BEGIN Data shown

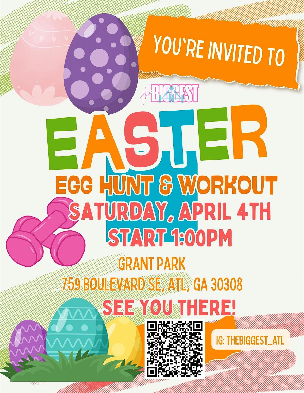 We're taking Easter weekend to a whole new level! Join us for THE BIGGEST Easter Egg Hunt paired with a high-energy full body HIIT workout that'll have you sweating, smiling and celebrating spring in true ATL fashion.
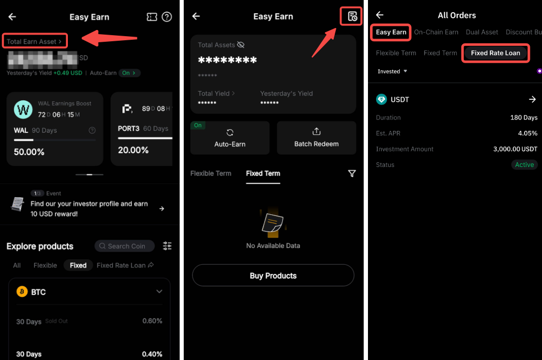 If you are accessing via the app, go to Earn → Easy Earn → Total Earn Asset → History icon → Easy Earn: Fixed Rate Loan.
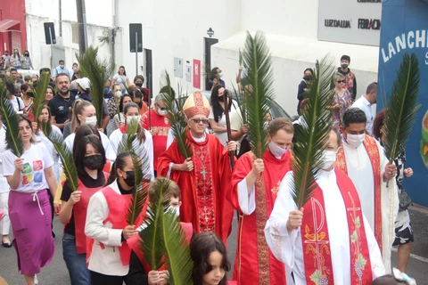 Bispo Dom Sergio acompanha procissão do Domingo de Ramos em PG
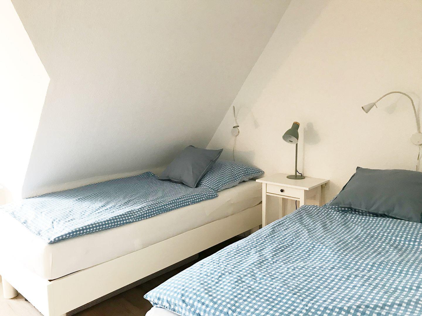 Die Ferienwohnung verfügt über 1 Wohnraum mit WLAN und Sat-TV und offener Küche, 3 Schlafzimmer, 1 Badezimmer mit Dusche und 1 separates WC; Gemeinschaftsgarten mit Gartenmöbeln und Strandkorb (April bis Oktober).
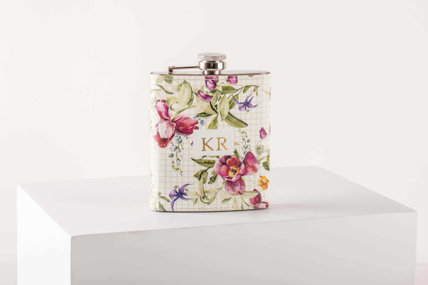 Hold up to 7 oz. of your favourite liquor in this sleek hip flask. Customize the monogram on it, free of cost.
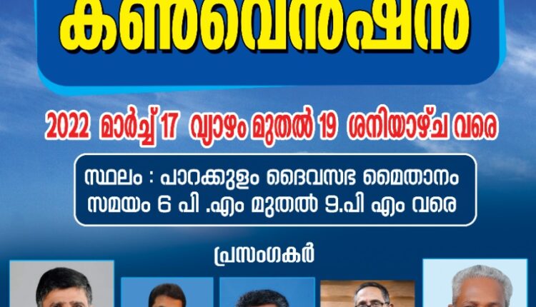 കോട്ടയം : ഇന്ത്യാ പൂർണ്ണ സുവിശേഷ ദൈവസഭ. കോട്ടയം വെസ്റ്റ് സെന്റർ കൺവൻഷൻ പാറക്കുളം ദൈവസഭാ മൈതാനത്തിൽ മാർച്ച് 17, 18, 19 തീയതികളിൽ വൈകിട്ട് 6 മണി മുതൽ 9 മണി വരെ നടക്കും. സെന്റർ പാസ്റ്റർ റ്റി.പി. മാത്യു ഉത്ഘാടനം നിർവ്വഹിക്കും. പാസ്റ്റർമാരായ അജി ആന്റണി, റെജി ശാസ്താകോട്ട , ബാബു ചെറിയാൻ പിറവം എന്നിവർ വചനം ശുശ്രൂഷിക്കുന്നു. സെന്ററിലെ പാസ്റ്റർമാർ അദ്ധ്യക്ഷത വഹിക്കും. സെന്റർ ക്വയർ ഗാനങ്ങൾ ആലപിക്കും.

END Data shown

The line containing "Hold up to 7" marks the end: retype every line from the first one in the listing up to and including it, without pictures.

 We're taking Easter weekend to a whole new level! Join us for THE BIGGEST Easter Egg Hunt paired with a high-energy full body HIIT workout that'll have you sweating, smiling and celebrating spring in true ATL fashion.
 If you are accessing via the app, go to Earn → Easy Earn → Total Earn Asset → History icon → Easy Earn: Fixed Rate Loan.
 Bispo Dom Sergio acompanha procissão do Domingo de Ramos em PG
 Die Ferienwohnung verfügt über 1 Wohnraum mit WLAN und Sat-TV und offener Küche, 3 Schlafzimmer, 1 Badezimmer mit Dusche und 1 separates WC; Gemeinschaftsgarten mit Gartenmöbeln und Strandkorb (April bis Oktober).
 Hold up to 7 oz. of your favourite liquor in this sleek hip flask. Customize the monogram on it, free of cost.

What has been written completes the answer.